4. Construction Materials Were Stored Where the Fire Started
The fire broke out beneath the collapsed I-85 bridge, in a spot where PVC pipe and other construction materials were stored. On Friday, Russell McMurray, Georgia Department of Transportation Commissioner, told WSB radio that “the storage area under the bridge was storing normal highway construction materials. The PVC material has been there for some time, probably since 2006 or 7.”
McMurray also said the GDOT started assessing the damage on Thursday before the fire was fully extinguished.
Demolition crews are still working to remove crushed concrete and related debris from the site, so investigators can look for clues regarding how coils of plastic pipe which GDOT called non-combustible could have caught on fire.

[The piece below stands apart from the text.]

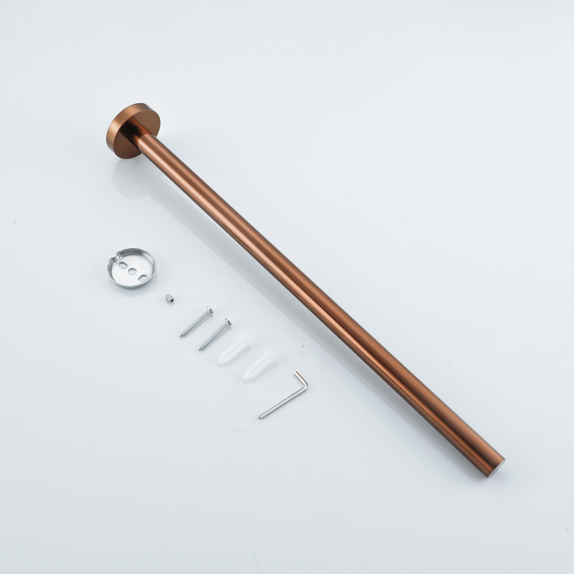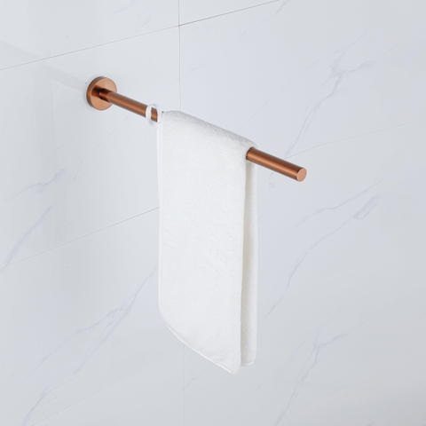 Ce porte-serviettes est un complément parfait pour toute salle de bains où le style et la fonctionnalité se rejoignent. Grâce à son design fixe de 40 cm, il offre suffisamment d’espace pour une serviette, idéal pour les petites salles de bains, les toilettes invités ou comme porte-serviettes supplémentaire à côté de votre porte-serviettes principal. La finition chaude en cuivre brossé apporte une apparence luxueuse et intemporelle qui s’accorde aussi bien avec les intérieurs de salle de bains classiques que modernes. Que vous prévoyiez une rénovation complète ou que vous souhaitiez simplement ajouter une touche raffinée, ce support combine durabilité et élégance et rend la suspension de vos serviettes simple et ordonnée.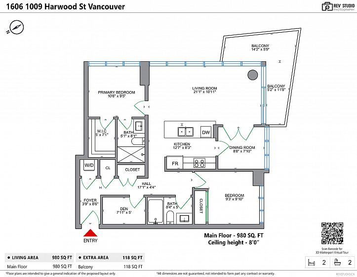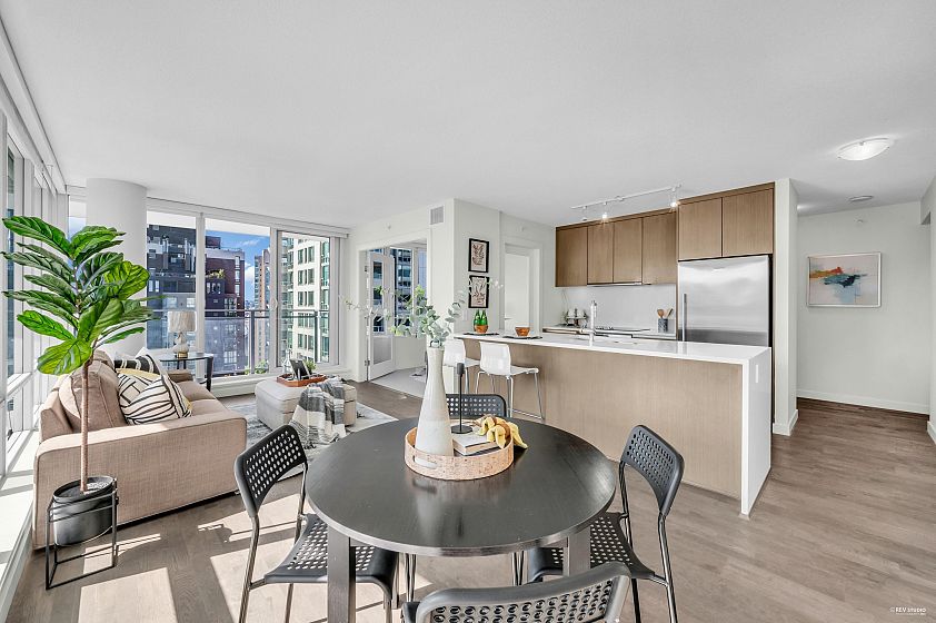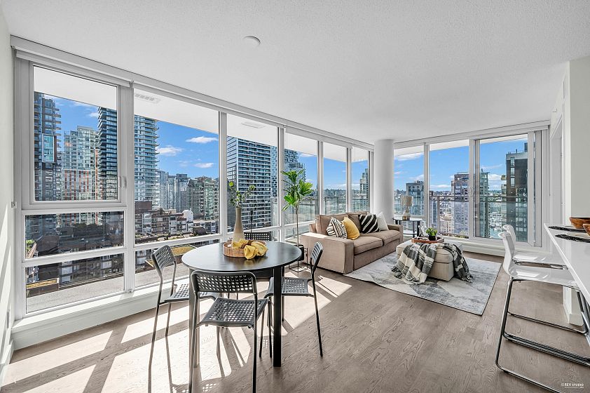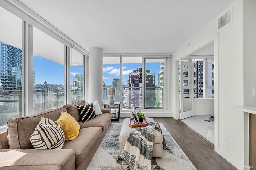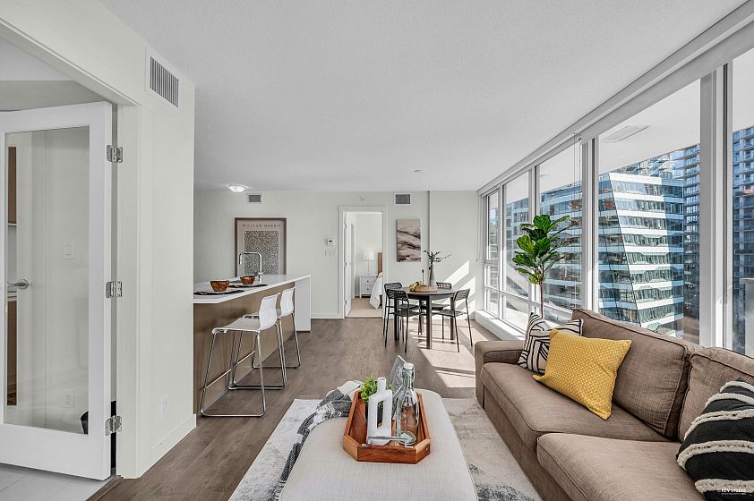 Step into the sky at Modern — where architecture meets light, and every window frames the soul of the city. This nearly 1,000 sqft Air-conditioned corner home at 1009 Harwood St offers 2 spacious bedrooms, a functional den, and a bonus flex room — bathed in natural light from 180° floor-to-ceiling windows. Wake up with the sunrise to the east, unwind with golden sunsets to the southwest, and watch the city pulse beneath you. From the dining room and second bedroom, catch glimmers of the water — a daily reminder that you live somewhere truly special. Tucked in the vibrant West End, just steps to beaches, boutiques, and the best of downtown, this home is more than a place to live — it’s a place to feel alive. Comes complete with A/C, parking, and storage. Come see it. Stay for the view.

5. The Bridge Collapse Will Snarl City Traffic For Months
Atlanta traffic is bad even at the best of times; in February, the transportation firm INRIX released a study saying Atlanta was the eighth-worst city for traffic in the world (and fourth-worst in the United States).
Of course, that was before the I-85 bridge collapse made matters vastly worse. The timing is especially bad; the day after the bridge collapse, the Atlanta Braves played their first game in their new home of SunTrust Park, not far from the collapsed overpass. Also, many schools throughout the southeast have their scheduled spring break next week, which usually means uncounted numbers of tourists driving through Atlanta on their way to various vacation spots.
Slightly alleviating traffic pressure (at least for locals) was MARTA, Atlanta’s mass-transit system. MARTA CEO Keith Parker told the Atlanta Journal-Constitution that MARTA saw a 25 percent increase in ridership the day after the bridge collapse.